1. Dou-vos a todos as minhas cordiais boas-vindas. A vossa presença em Roma e no Vaticano une-se às celebrações do 180° aniversário do nascimento de Cyprian Kamil Norwid, um dos maiores poetas e pensadores da Europa cristã. Todos nós somos muito devedores a este poeta o quarto bardo e desejamos aproveitar esta circunstância para sanar a nossa dívida pelo menos numa certa medida. Sempre considerei que o lugar onde deveria repousar Cyprian Kamil Norwid fosse a cripta dos grandes poetas, na catedral de Wawel. Isto tornou-se impossível, uma vez que não se conseguiram encontrar nem identificar os restos mortais do poeta. Portanto, procurei outros meios de expressão para poder reparar, num certo sentido, aquilo que não se realizou em relação a Cyprian Kamil Norwid e que sentimos como nosso dever colectivo. É importante que pelo menos a urna com a terra tirada do túmulo comum em que o poeta foi  sepultado  encontre  agora  em Wawel o lugar que lhe é devido na Pátria, dado que a Pátria, como dizia Norwid, "é o lugar onde encontrar descanso e morrer".(1)

2. Prezados Senhores! Sinto-me muito feliz por este encontro e atribuo-lhe uma grande importância. Portanto, também para o preparar voltei à leitura dos escritos de Norwid e falei com aqueles para quem, como a mim, ele é querido. O que vos quero dizer é em grande medida fruto do intercâmbio de pensamentos que tive com eles. Eu desejava pagar com honestidade a minha dívida pessoal em relação ao poeta, a cuja obra me une um íntima confiança espiritual, desde o tempo do ginásio. Durante a ocupação nazista, os pensamentos de Norwid sustentavam a nossa esperança em Deus, e no período da injustiça e do desprezo com que o sistema comunista tratava o homem, eles ajudavam-nos a perseverar na verdade que nos tinha sido transmitida como tarefa a viver dignamente. Cyprian Kamil Norwid deixou uma obra de que emana a luz que permite penetrar mais profundamente na verdade do nosso ser homens, cristãos, europeus e polacos.

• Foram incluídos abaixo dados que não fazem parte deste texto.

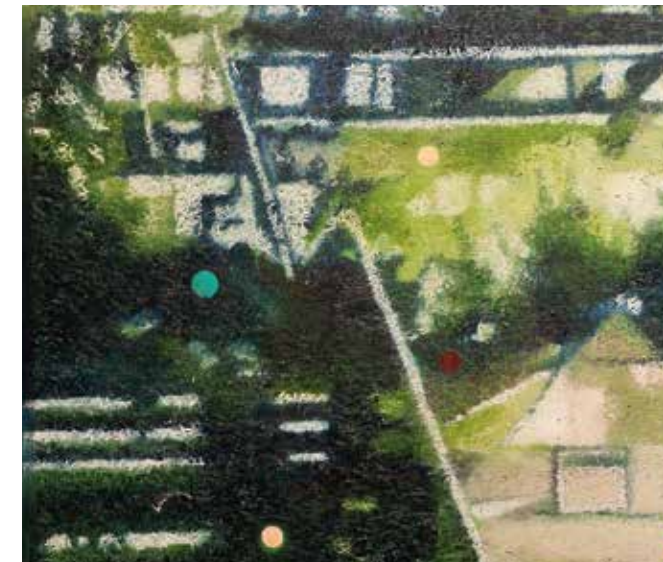
Ausschnitt: ohne Titel Öl auf Leinwand | 40 x 40 cm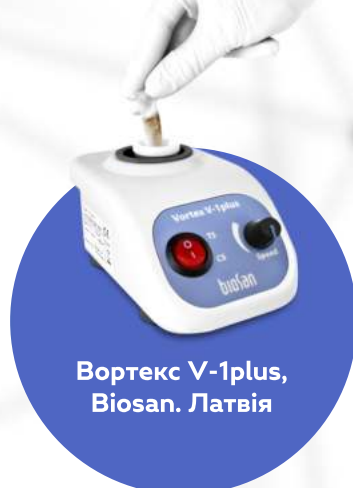
Вортекс V-1plus, Biosan. Латвія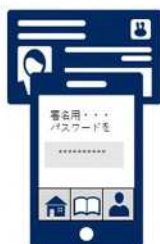
②マイナンバーカードをスマートフォンにかざし、6～16桁のパスワード(※)を入力 署名用電子証明書にて本人確認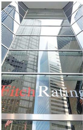
Fitch, calificador global

La nota pasó de CCC+ a B- por el ajuste fiscal, la compra de dólares y la agenda de reformas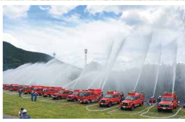
各部による放水訓練。威勢よく放水が行われました

引き続き、多くの市民が見守る中、団員と消防ポンプ自動車など車両40台による分列行進、放水訓練が実施されました。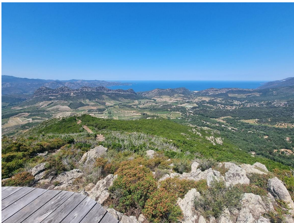
dessous photomontage avec intégration de vignes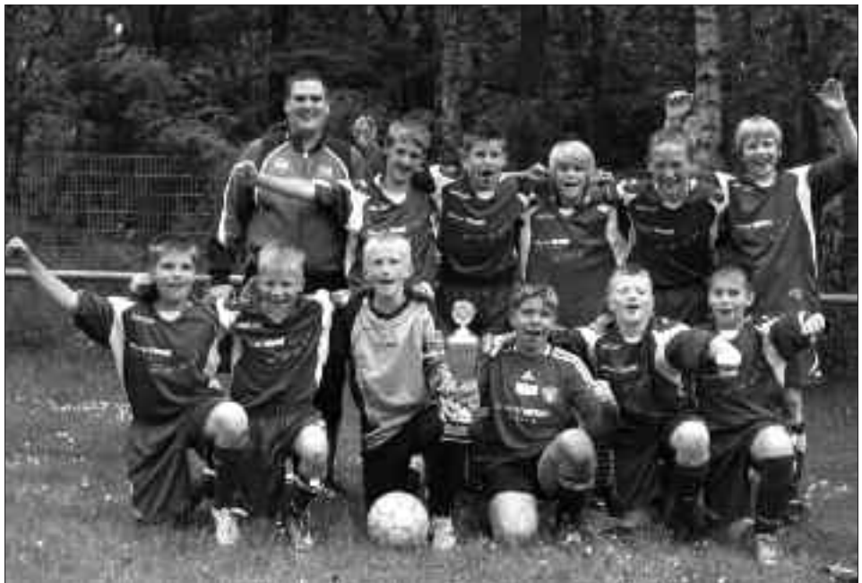
Staffelsieger Kreisklasse 2009/2010 D-Junioren: Eintracht Glindow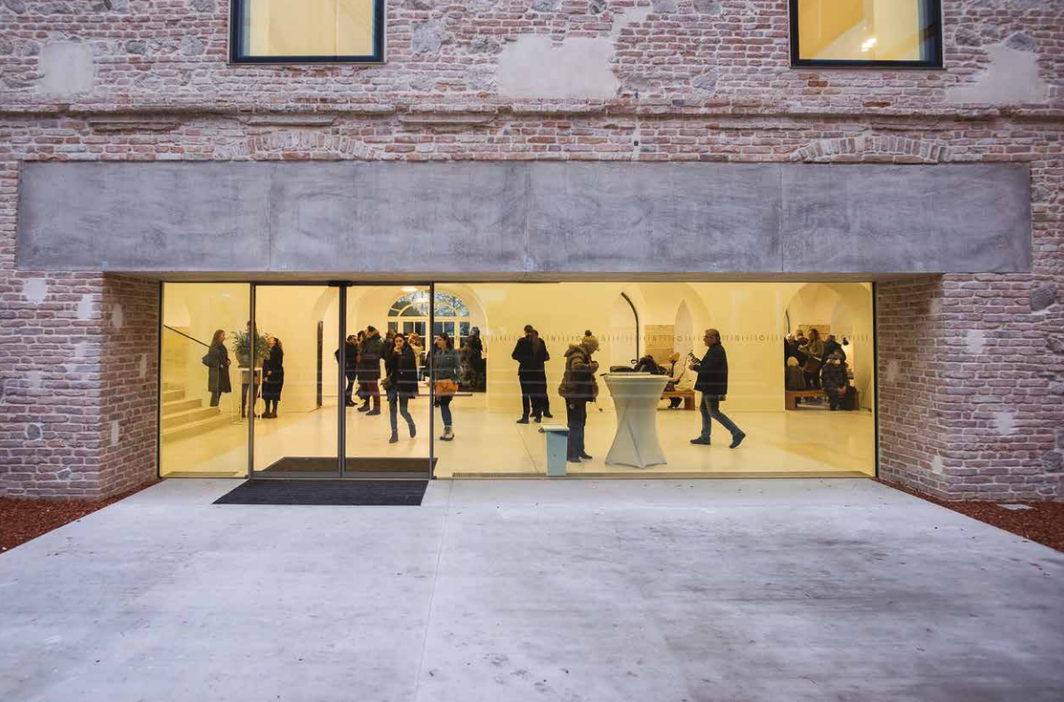
Pohľad na vstupné priestory zrekonštruovanej SNG.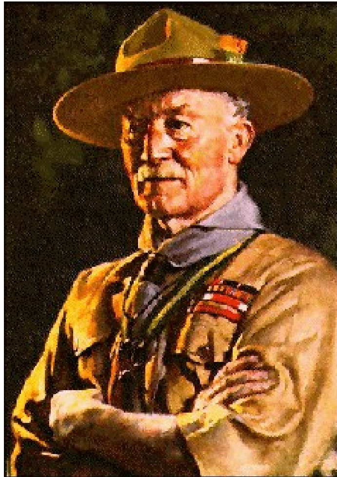
Liite 1 Kuva B-P:stä, joka paljastettiin jamboree-leirillä 1929 Arrowe Parkissa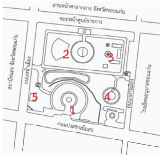
ภาพที่ 3 การใช้ประโยชน์พื้นที่ภายในสวนรัชดานุสรณ์ รูปแบบของกิจกรรมและผู้ใช้พื้นที่ในสวนรัชดานุสรณ์

การใช้ประโยชน์พื้นที่โดยทั่วไปของสวนรัชดานุสรณ์ แบ่งเป็นสัดส่วนได้คร่าวๆ คือ ส่วนแรก เป็นส่วนที่เป็นสวนและอนุสาวรีย์ต่างๆ ซึ่งจะอยู่ด้านทิศใต้ของพื้นที่ ส่วนที่สอง เป็นส่วนของลานกิจกรรมและพื้นที่สนามเด็กเล่น จะอยู่ด้านทิศเหนือของพื้นที่ ส่วนที่สาม เป็นส่วนของศูนย์การเรียนรู้ อยู่ด้านทิศตะวันออกเฉียงเหนือของพื้นที่ ส่วนที่สี่ เป็นพื้นที่ออกกำลังกาย อยู่ด้านทิศตะวันตกของพื้นที่ ส่วนที่ห้า เป็นพื้นที่สถานีตำรวจ อยู่ทิศตะวันตกเฉียงใต้ของพื้นที่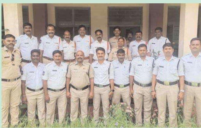
తరగతుల్లో పోలీస్ అధికారులకు కొత్త చట్టాలపై భారతీయ

వచ్చే నెల జూలై 1 నుండి అమలు కానున్న నూతన చట్టాలపై పోలీస్ అధికారులు, సిబ్బందికి అవగాహన కల్పించుకోవడం వరంగల్ పోలీస్ కమిషనరేట్ అంబర్ కిషోర్ రూపొందించిన మేరకు వరంగల్ పోలీస్ కమిషనరేట్ పరిధిలో కొత్త చట్టాలపై అవగాహన కోసం ప్రత్యేక శిక్షణ తరగతులు కొనసాగుతున్నాయి. ఇందులో భాగంగా సెంట్రల్ జోన్ పరిధిలోని శాంతి భద్రతల విభాగానికి చెందిన పోలీస్ అధికారులతో పాటు ఇతర వివిధ విభాగాలయిన ట్రాఫిక్, సి.సి.సి. సి.సి.ఆర్.సి, సైబర్, ట్రాన్స్, ఐ.టి.కోర్, సైబర్ క్రైం విభాగాలకు చెందిన పోలీస్ అధికారులకు స్థానిక ఎల్. బి. కళాశాల లో ఏర్పాటు చేసిన ఈ శిక్షణ తరగతులకు పోలీస్ అధికారులు, సిబ్బంది విదతల వారిగా హాజరువుతున్నారు. రాష్ట్ర పోలీస్ శిక్షణ కేంద్రంలో ముందుగా శిక్షణ పొందిన అధికారుల ఆధ్వర్యంలో నిర్వహిస్తున్న ఈ శిక్షణ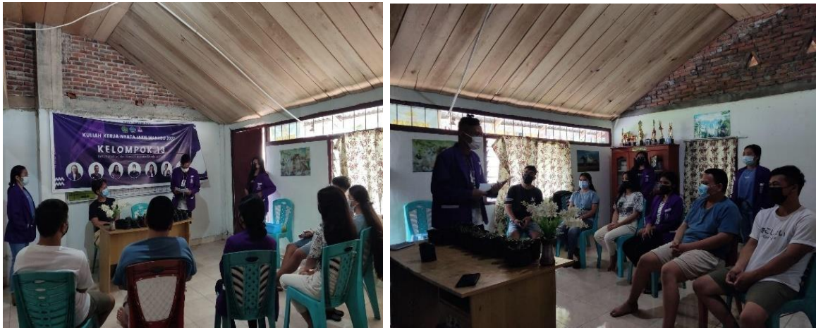
Gambar 5 Edukasi kepada karangtaruna desa Tontalete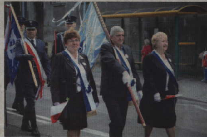
Delegacje i poczty sztandarowe udały się ulicami miasta do kwidzyńskiej Katedry.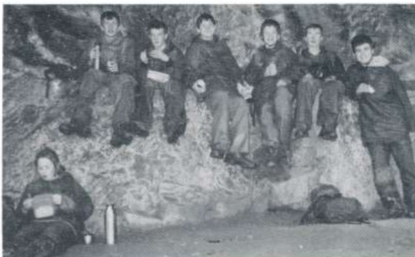
Rhai o blant Ysgol Glantaf ar y Bannau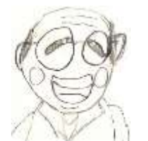
4年 浅いぶきさん画

子どもたちの懸命な姿を、気持ちよく応援していただければと願っています。ご理解・ご協力のほどよろしくお願いいたします。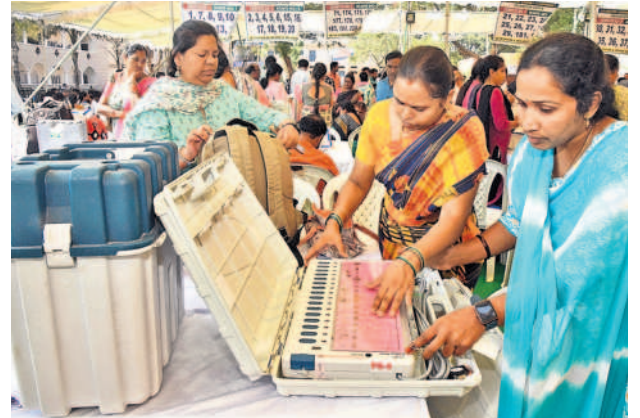
పోలింగ్ సామగ్రిని పరిశీలిస్తున్న అధికారులు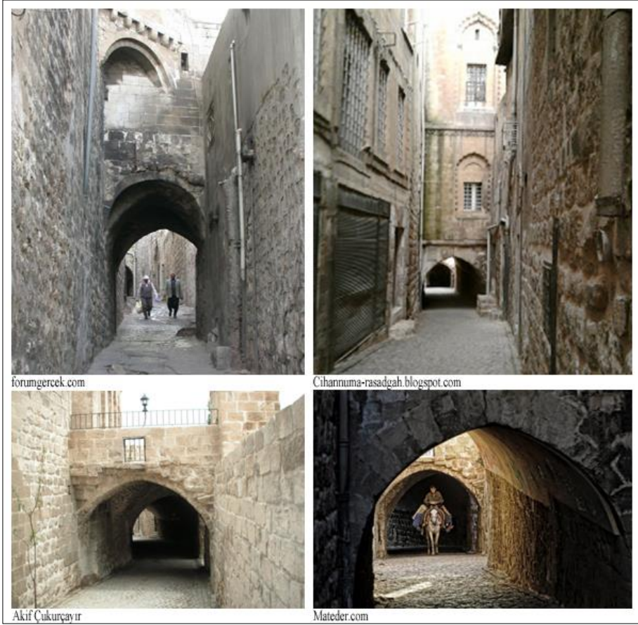
Şekil 3. Mardin'in kent dokusunda önemli işlevlere sahip abbaralar (Sol-üst resim: Forum Gerçek, 2010; Sağ-üst resim: Cihannuma, 2010; Sol-alt resim: Çukurçayır, 2009; Sağ-alt resim: Mardin Teknik Elemanlar Derneği [MATEDER], 2013)

Kara ikliminin yazın da kışın da geçmek, hafiflemek bilmez gaddarlığını, bu abbaralar yani üstü ve iki yanı kapalı iki yanı sokağa bakan kemerler, çok değil, bir parça katlanır kılar. Yazın serince olur damlarının altı, kışın da ılık. İşte bu merdivenli-abbaralı sokakların tamamı, sağlı sollu o herkesi zevkten keyiften yerinde duramaz hale getiren evlerle doludur; o sarı taşlı bol süslemeli evlerle.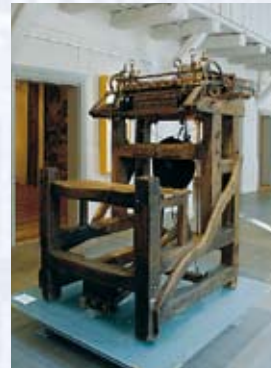
Strumpfwirkerstuhl, Erlangen, 1716 Die Strumpfwirkerei war das Hauptgewerbe der Erlanger Neustadt.

3. A poesia de Norwid nasceu da sua vida difícil. Formou-se à luz de uma profunda estética da fé em Deus e na nossa humanidade em Deus. A fé no Amor que se revela na Beleza que "entusiasma" ao trabalho, abre a palavra de Norwid para o mistério da aliança que Deus estabelece com o homem, a fim de que o próprio homem possa viver à maneira de Deus. O cântico sobre a beleza do Amor e sobre o trabalho, Promethidion, indica o próprio acto da criação, em que Deus revela aos homens o laço que une o trabalho ao amor (cf. Gn 1, 28); no amor laborioso, o homem nasce e ressuscita. O leitor deve amadurecer com uma palavra que aponta para muito longe. E isto o poeta sabia muito bem, quando dizia:  "O filho ignorá-lo-á, mas tu, neto, recordá-lo-ás".(2)

4. A força da autoridade que Norwid transmite aos "netos" provém da Cruz. Com quanta eloquência se revela a sua scientia crucis, nas palavras:  "Não te sigas a ti mesmo com a Cruz do Salvador, mas o Salvador com a tua cruz (...) Enfim, este é o segredo de um movimento justo". (3) A scientia crucis permitia que Norwid avaliasse os homens segundo a sua capacidade de sofrer juntamente com o Salvador, que "é, era e será a raiz de toda a verdade". (4) As palavras com que o nosso poeta falou sobre a grandeza do Beato Pio IX constituem uma dos testemunhos mais bonitos, que o homem pode dar do próprio homem:  "É um grande homem do século XIX. Sabe sofrer!".(5)  É significativo que, segundo Norwid, os crucifixos sejam desprovidos da figura de Cristo, dado que assim podem indicar de maneira mais clara o lugar que deve ser ocupado pelo cristão. Com efeito, somente aqueles em cujo íntimo se realiza todos os dias o drama do Gólgota podem dizer:  a Cruz "para nós tornou-se a porta".(6)

5. Norwid não invejava a ninguém as coisas ou as honras alcançadas. A sua pobreza em Deus resplandece no final de uma das suas poesias:  "Para os outros os louros e a esperança, mas para mim a única honra é ser homem". (7)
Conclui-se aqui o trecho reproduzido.